Your objective ▸ All entries are to be transcribed exactly. Pictures are not part of the copy.

Exercise materials ▸
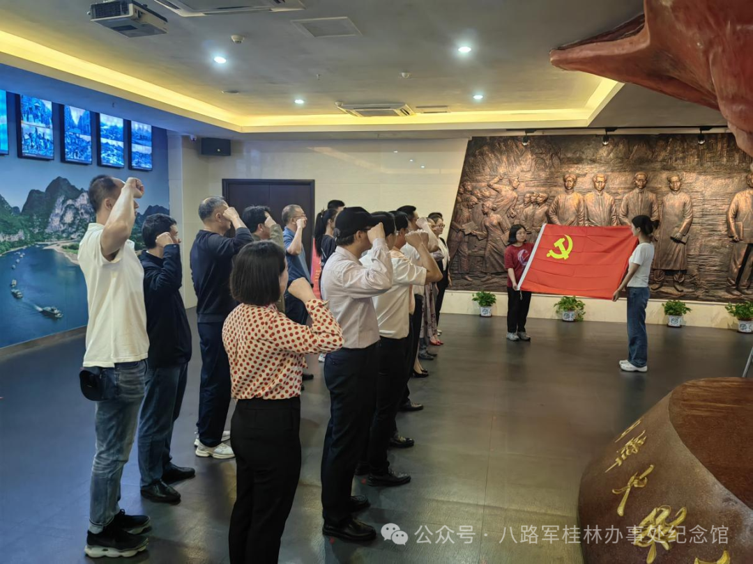 活动的第二阶段,党员同志们来到八路军桂林办事处纪念馆开展现场教学并重温入党誓词,传承红色基因,赓续红色血脉。活动结束后,党员同志们纷纷表示要坚持理论联系实际,党建与业务双融双促,使学习成果成为促进工作的强大动力,坚决以实际行动践行初心,扛起使命,推动新时代“清廉八办”建设提质增效。
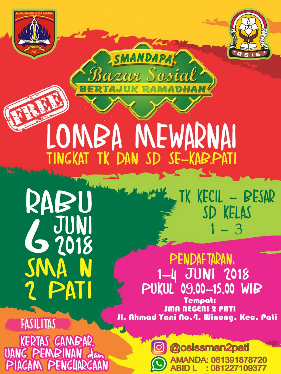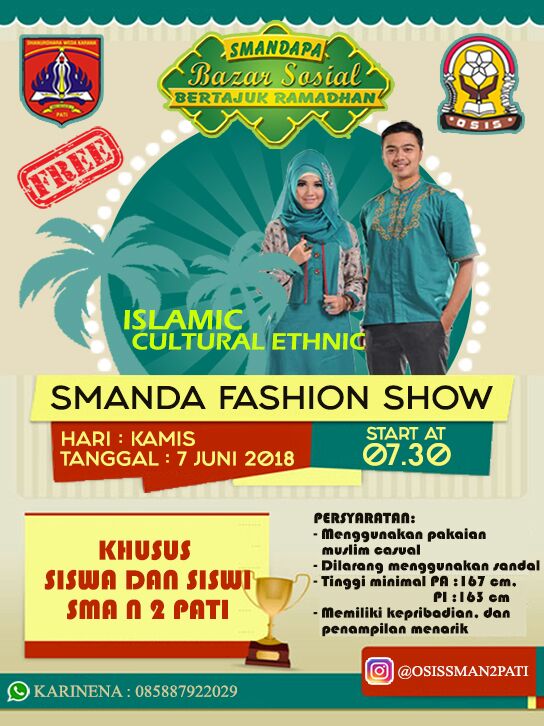 2018-06-04Agenda Bazaar Sosial SMA Negeri 2 Pati diselenggarakan Setiap Bulan Ramadhan, beraneka sembako, serta kebutuhan jajanan, bahan pokok, serta stand pakaian gratis dan pantas pakai juga tersedia, dan tak lupa pemberian santunan kepada fakir miskin dan anak yatim serta agenda buka puasa dengan Bp. tukan Becak di sekitar SMA Negeri 2 Pati
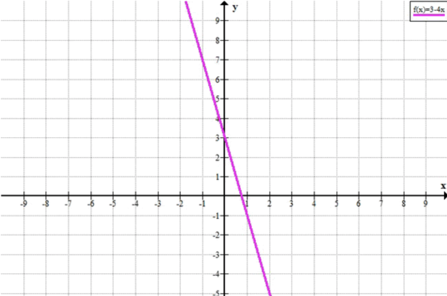 При \( x = 1 \), \( y = 3 — 4 \cdot 1 = -1 \);
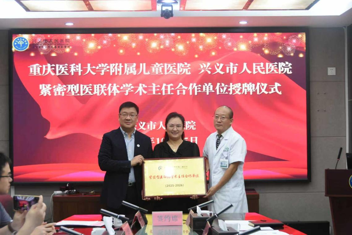 王佚与陈春签署了《安博平台附属儿童医院与兴义市人民医院医联体学术主任合作协议》,并与王忠安进行了“紧密型医联体学术主任合作单位”牌匾的授接。
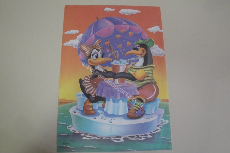 Papel de carta grande Cartiuge - 84 - Um casal de pinguins dividindo um refresco.
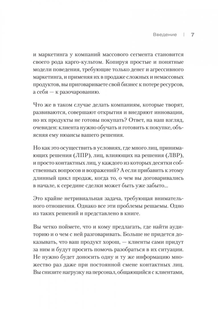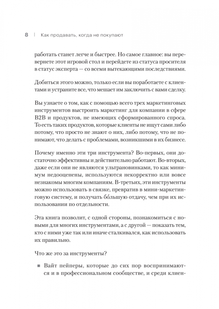 ОписаниеЭта книга о том, как с помощью всего трех маркетинговых инструментов - вайт пейпер (white paper), авторассылки и кейсов - можно построить маркетинг для своей компании в сфере B2B и для продуктов, которые не имеют сформированного спроса.Предложенные инструменты проверены и эффективны. Они также могут быть использованы в связке как мини-маркетинговая система и принесут гораздо большую отдачу, чем по отдельности. Вы узнаете, как привести клиента в вашу компанию, не бегая за ним, и как привлечь внимание к своему бизнесу без ценового и рекламного давления. Вы получите четкое понимание механизмов и принципов работы маркетинговых инструментов, их интеграции в ваш бизнес, возможностей, которые они представляют для роста вашей компании и ее прибыли.В книге вы найдете тот маркетинговый минимум, на основе которого научитесь регулярно приводить новых клиентов, получите максимум отдачи от поступающих заявок, увеличите количество повторных сделок, поднимите продажи вашей компании, выстроите маркетинг и избавитесь от ненужных трат. Всего три инструмента которые изменят не только ваш маркетинг, но и ваш бизнес.Издание адресовано собственникам, директорам по маркетингу, коммерческим директорам и маркетологам компаний, продающих новые, инновационные, интеллектуальные товары или услуги, а также продукты, требующие развитой экспертизы или навыков.СвернутьЭта книга о том, как с помощью всего трех маркетинговых инструментов - вайт пейпер (white paper), авторассылки и кейсов - можно построить маркетинг для своей компании в сфере B2B и для продуктов, которые не имеют сформированного спроса.Предложенные инструменты проверены и эффективны. Они также могут быть использованы в связке как мини-маркетинговая система и принесут гораздо большую отдачу, чем по отдельности. Вы узнаете, как привести клиента в вашу компанию, не бегая за ним, и как привлечь внимание к своему бизнесу без ценового и рекламного давления. Вы получите четкое понимание механизмов и принципов работы маркетинговых инструментов, их интеграции в ваш бизнес, возможностей, которые они представляют для роста вашей компании и ее прибыли.В книге вы найдете тот маркетинговый минимум, на основе которого научитесь регулярно приводить новых клиентов, получите максимум отдачи от поступающих заявок, увеличите количество повторных сделок, поднимите продажи вашей компании, выстроите маркетинг и избавитесь от ненужных трат. Всего три инструмента которые изменят не только ваш маркетинг, но и ваш бизнес.Издание адресовано собственникам, директорам по маркетингу, коммерческим директорам и маркетологам компаний, продающих новые, инновационные, интеллектуальные товары или услуги, а также продукты, требующие развитой экспертизы или навыков.СвернутьСвернуть
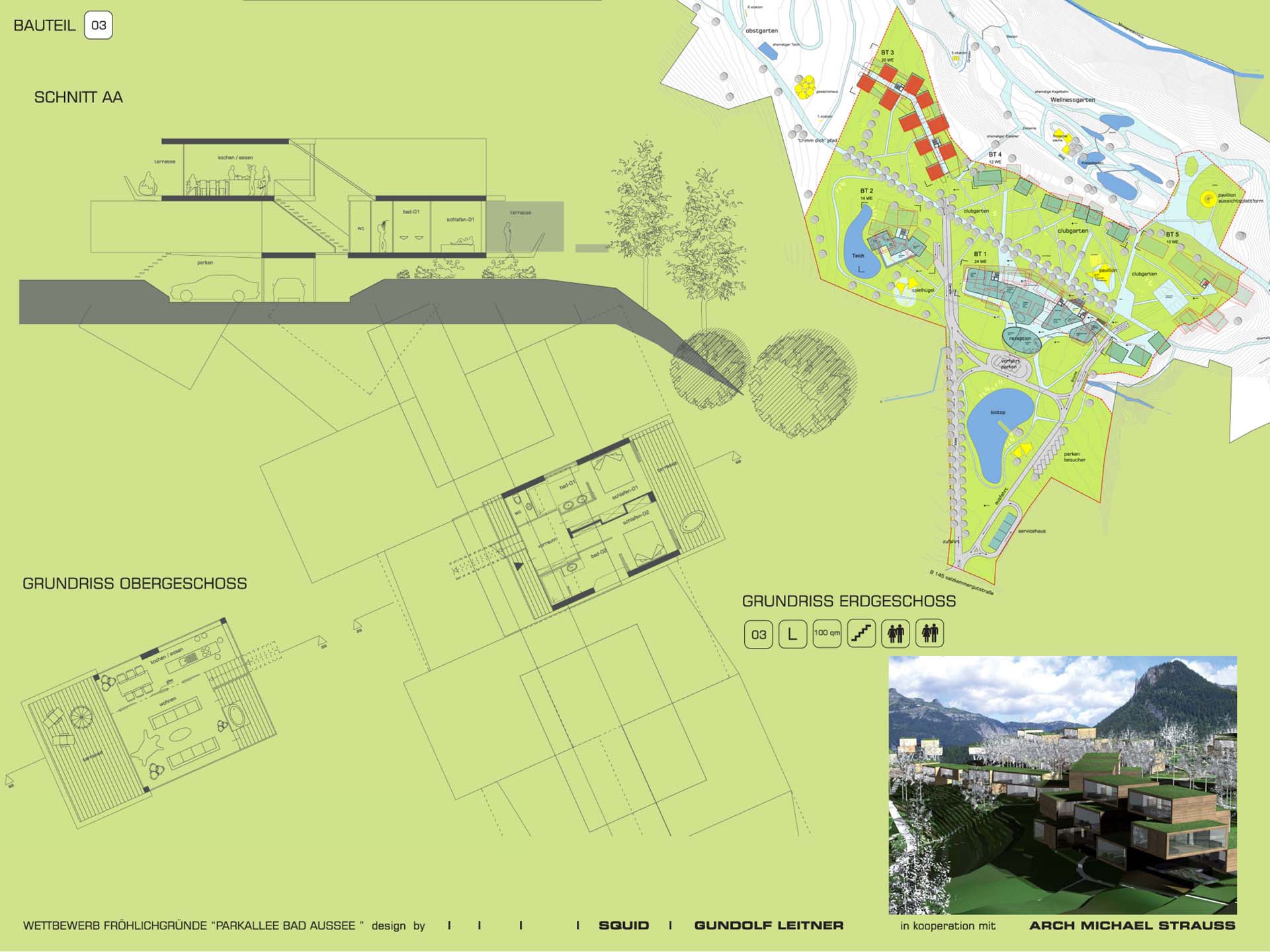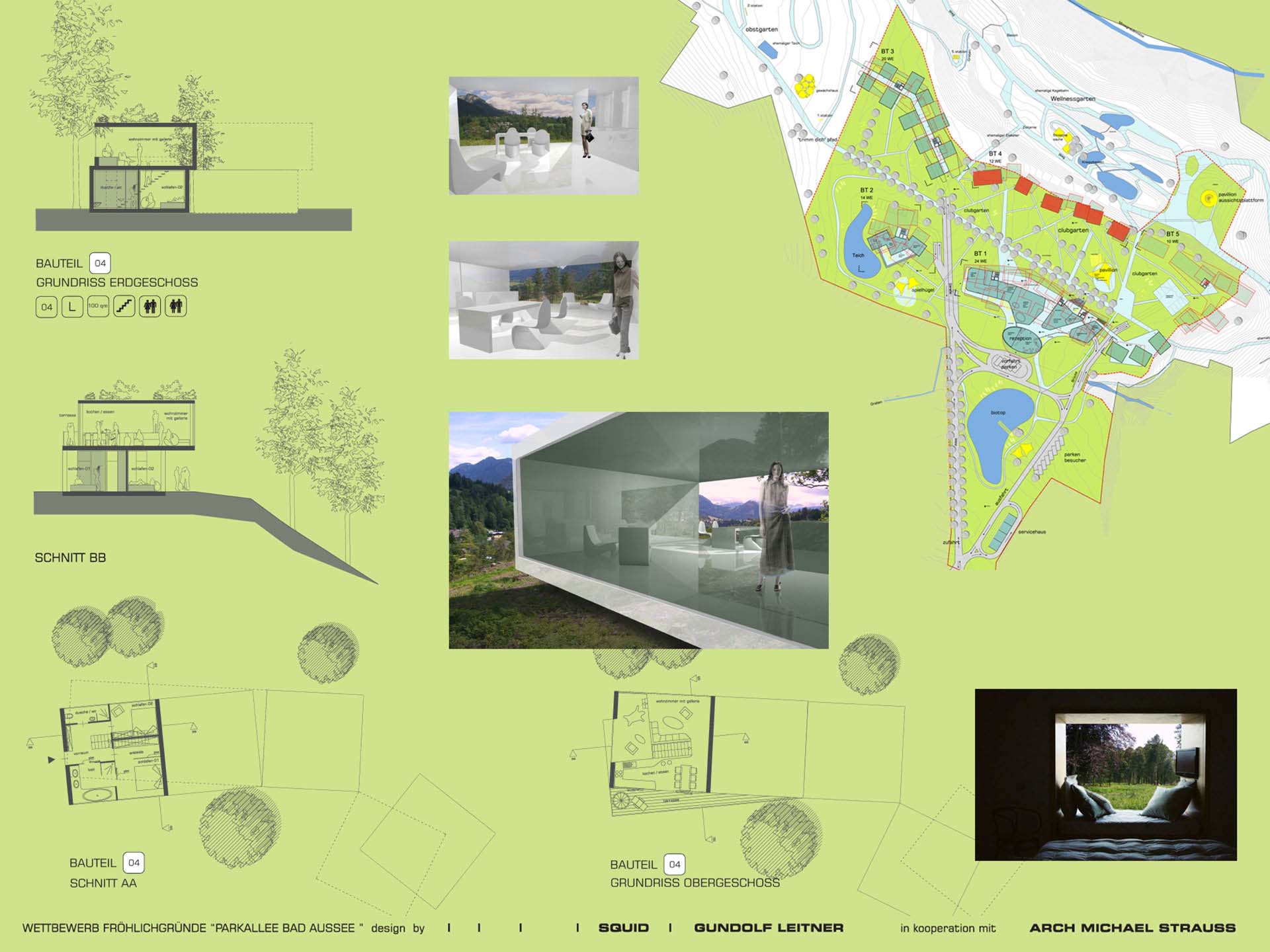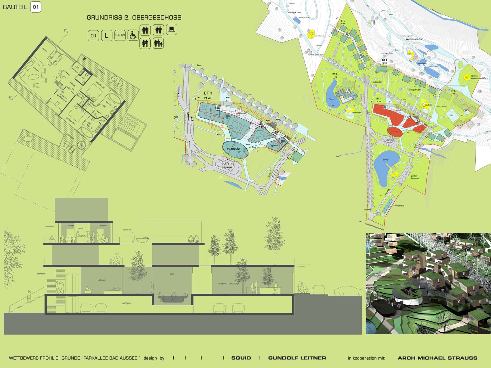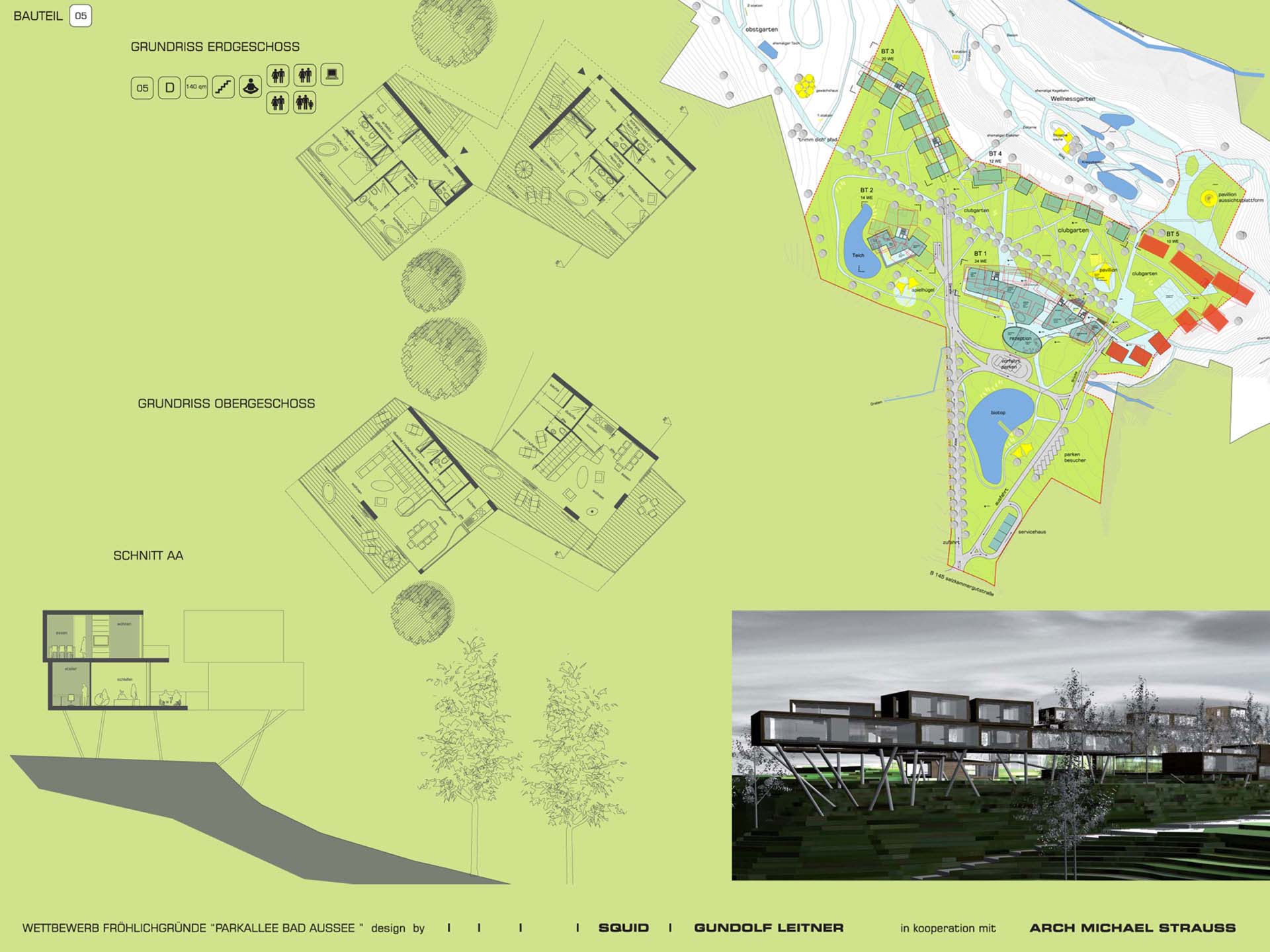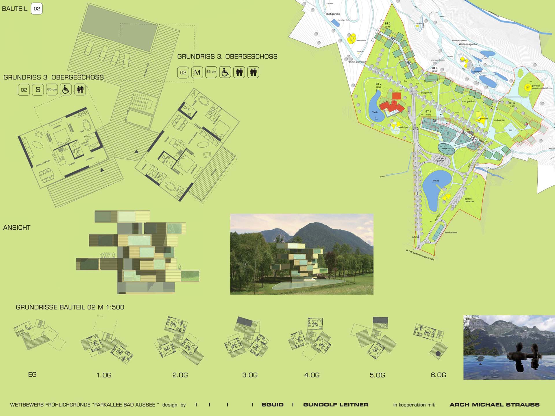 EINSTUFIGER GELADENER IDEEN-WETTBEWERB „ FRÖHLICHGRÜNDE“ BAD AUSSEE 5*+ APARTEMENTANLAGE - PARKALLEE BAD AUSSEE - Bauteil 1: „Club housing“ / 24 Wohneinheiten Vorfahrt, Rezeption mit Backoffice, Verwaltung, Information, Bar, Lounge, Fitness-und Wellness-Bereich, Indoor - Kinderbereich, Lager, Nebenräume - darüber Appartements in den Kategorien SMALL, MEDIUM (2 und 3 - geschossig). Die Parkfläche befindet sich auf Ebene -1. Die Vertikalerschließung erfolgt mit Stiegen und 3 liften Bauteil 2: „Panoramaturm“ / 14 Wohneinheiten Die Appartementwohnungen im Turm sind in den Grössen SMALL und MEDIUM konzipiert. Das Erdgeschoss ist als Servicebereich mit Lounge u. Barbereich, einer temporären Cateringzone sowie ein Backoffice für den Servicebetrieb untergebracht. Das Parking der Bewohner erfolgt in einer Tiefgarage direkt unter dem Turm. Bauteil 3: „Wohnen am Wald“ / 14 - 20 Wohneinheiten Die Bebauung ist 1 bis 3–geschossig und besitz sowohl Appartements über 2 Ebenen als auch eingeschossige Appartements. Die Wohnungen sind auf gegeneinander versetzt situierten Ebenen angeordnet und können variabel kombiniert zu unterschiedlichen wohnungsgrössen kombiniert werden. Die vertikale Erschließung erfolgt über Stiegen und 3 Lifte. Die Parkebene ist um 1,5m gegenüber dem gelände abgesenkt und befindet sich direkt unter dem gebäude. Bauteil 4: „Chalet housing“ Ein- und zweigeschossige Bebauung der Kategorien SMALL und MEDIUM an der nördlichen Geländekante, die in einem terrassierten Hang zum Moosgraben abfällt. Die PKW Stellplätzte für diese Appartements befinden sich im zentralen Bauteil 1. Die Erschließung erfolgt fußläufig durch den Park2 bzw. mit Elektro-Caddys. (Gepäckzulieferung – Servicedienste, etc.). Hier entsteht ein ruhiges, intimes Wohnen mit besonders direkten Naturkontakt. Bauteil 5: „Pent housing“ Exponierte Baukörper, die über der Geländekante in Richtung Bad Aussee Zentrum schweben. Das Abheben der Baukörper vom Boden ermöglicht die ungehinderte Durchsicht aus der Parkanlage Richtung Ortszentrum und öffnet somit den Park. Als Wohnungskategorien werden hier MEDIUM, LAGE und LUXURY angeboten. Die Stellplätze befinden sich zentral vor den Baukörpern und sind ca. 2 m vom Geländeniveau abgesenkt. Die Überdachung der Stellfläche ist begehbar, teilweise begrünt und mit einem Wasserbecken versehen. Die Erschließung der Appartements erfolgt über die erhöhte Verteilerebene + 3.5 m, die über Stiegen und einen Lift erreicht werden kann.

Answer space ▸
 活动的第二阶段,党员同志们来到八路军桂林办事处纪念馆开展现场教学并重温入党誓词,传承红色基因,赓续红色血脉。活动结束后,党员同志们纷纷表示要坚持理论联系实际,党建与业务双融双促,使学习成果成为促进工作的强大动力,坚决以实际行动践行初心,扛起使命,推动新时代“清廉八办”建设提质增效。
 2018-06-04Agenda Bazaar Sosial SMA Negeri 2 Pati diselenggarakan Setiap Bulan Ramadhan, beraneka sembako, serta kebutuhan jajanan, bahan pokok, serta stand pakaian gratis dan pantas pakai juga tersedia, dan tak lupa pemberian santunan kepada fakir miskin dan anak yatim serta agenda buka puasa dengan Bp. tukan Becak di sekitar SMA Negeri 2 Pati
 При \( x = 1 \), \( y = 3 — 4 \cdot 1 = -1 \);
 王佚与陈春签署了《安博平台附属儿童医院与兴义市人民医院医联体学术主任合作协议》,并与王忠安进行了“紧密型医联体学术主任合作单位”牌匾的授接。
 Papel de carta grande Cartiuge - 84 - Um casal de pinguins dividindo um refresco.
 ОписаниеЭта книга о том, как с помощью всего трех маркетинговых инструментов - вайт пейпер (white paper), авторассылки и кейсов - можно построить маркетинг для своей компании в сфере B2B и для продуктов, которые не имеют сформированного спроса.Предложенные инструменты проверены и эффективны. Они также могут быть использованы в связке как мини-маркетинговая система и принесут гораздо большую отдачу, чем по отдельности. Вы узнаете, как привести клиента в вашу компанию, не бегая за ним, и как привлечь внимание к своему бизнесу без ценового и рекламного давления. Вы получите четкое понимание механизмов и принципов работы маркетинговых инструментов, их интеграции в ваш бизнес, возможностей, которые они представляют для роста вашей компании и ее прибыли.В книге вы найдете тот маркетинговый минимум, на основе которого научитесь регулярно приводить новых клиентов, получите максимум отдачи от поступающих заявок, увеличите количество повторных сделок, поднимите продажи вашей компании, выстроите маркетинг и избавитесь от ненужных трат. Всего три инструмента которые изменят не только ваш маркетинг, но и ваш бизнес.Издание адресовано собственникам, директорам по маркетингу, коммерческим директорам и маркетологам компаний, продающих новые, инновационные, интеллектуальные товары или услуги, а также продукты, требующие развитой экспертизы или навыков.СвернутьЭта книга о том, как с помощью всего трех маркетинговых инструментов - вайт пейпер (white paper), авторассылки и кейсов - можно построить маркетинг для своей компании в сфере B2B и для продуктов, которые не имеют сформированного спроса.Предложенные инструменты проверены и эффективны. Они также могут быть использованы в связке как мини-маркетинговая система и принесут гораздо большую отдачу, чем по отдельности. Вы узнаете, как привести клиента в вашу компанию, не бегая за ним, и как привлечь внимание к своему бизнесу без ценового и рекламного давления. Вы получите четкое понимание механизмов и принципов работы маркетинговых инструментов, их интеграции в ваш бизнес, возможностей, которые они представляют для роста вашей компании и ее прибыли.В книге вы найдете тот маркетинговый минимум, на основе которого научитесь регулярно приводить новых клиентов, получите максимум отдачи от поступающих заявок, увеличите количество повторных сделок, поднимите продажи вашей компании, выстроите маркетинг и избавитесь от ненужных трат. Всего три инструмента которые изменят не только ваш маркетинг, но и ваш бизнес.Издание адресовано собственникам, директорам по маркетингу, коммерческим директорам и маркетологам компаний, продающих новые, инновационные, интеллектуальные товары или услуги, а также продукты, требующие развитой экспертизы или навыков.СвернутьСвернуть
 EINSTUFIGER GELADENER IDEEN-WETTBEWERB „ FRÖHLICHGRÜNDE“ BAD AUSSEE 5*+ APARTEMENTANLAGE - PARKALLEE BAD AUSSEE - Bauteil 1: „Club housing“ / 24 Wohneinheiten Vorfahrt, Rezeption mit Backoffice, Verwaltung, Information, Bar, Lounge, Fitness-und Wellness-Bereich, Indoor - Kinderbereich, Lager, Nebenräume - darüber Appartements in den Kategorien SMALL, MEDIUM (2 und 3 - geschossig). Die Parkfläche befindet sich auf Ebene -1. Die Vertikalerschließung erfolgt mit Stiegen und 3 liften Bauteil 2: „Panoramaturm“ / 14 Wohneinheiten Die Appartementwohnungen im Turm sind in den Grössen SMALL und MEDIUM konzipiert. Das Erdgeschoss ist als Servicebereich mit Lounge u. Barbereich, einer temporären Cateringzone sowie ein Backoffice für den Servicebetrieb untergebracht. Das Parking der Bewohner erfolgt in einer Tiefgarage direkt unter dem Turm. Bauteil 3: „Wohnen am Wald“ / 14 - 20 Wohneinheiten Die Bebauung ist 1 bis 3–geschossig und besitz sowohl Appartements über 2 Ebenen als auch eingeschossige Appartements. Die Wohnungen sind auf gegeneinander versetzt situierten Ebenen angeordnet und können variabel kombiniert zu unterschiedlichen wohnungsgrössen kombiniert werden. Die vertikale Erschließung erfolgt über Stiegen und 3 Lifte. Die Parkebene ist um 1,5m gegenüber dem gelände abgesenkt und befindet sich direkt unter dem gebäude. Bauteil 4: „Chalet housing“ Ein- und zweigeschossige Bebauung der Kategorien SMALL und MEDIUM an der nördlichen Geländekante, die in einem terrassierten Hang zum Moosgraben abfällt. Die PKW Stellplätzte für diese Appartements befinden sich im zentralen Bauteil 1. Die Erschließung erfolgt fußläufig durch den Park2 bzw. mit Elektro-Caddys. (Gepäckzulieferung – Servicedienste, etc.). Hier entsteht ein ruhiges, intimes Wohnen mit besonders direkten Naturkontakt. Bauteil 5: „Pent housing“ Exponierte Baukörper, die über der Geländekante in Richtung Bad Aussee Zentrum schweben. Das Abheben der Baukörper vom Boden ermöglicht die ungehinderte Durchsicht aus der Parkanlage Richtung Ortszentrum und öffnet somit den Park. Als Wohnungskategorien werden hier MEDIUM, LAGE und LUXURY angeboten. Die Stellplätze befinden sich zentral vor den Baukörpern und sind ca. 2 m vom Geländeniveau abgesenkt. Die Überdachung der Stellfläche ist begehbar, teilweise begrünt und mit einem Wasserbecken versehen. Die Erschließung der Appartements erfolgt über die erhöhte Verteilerebene + 3.5 m, die über Stiegen und einen Lift erreicht werden kann.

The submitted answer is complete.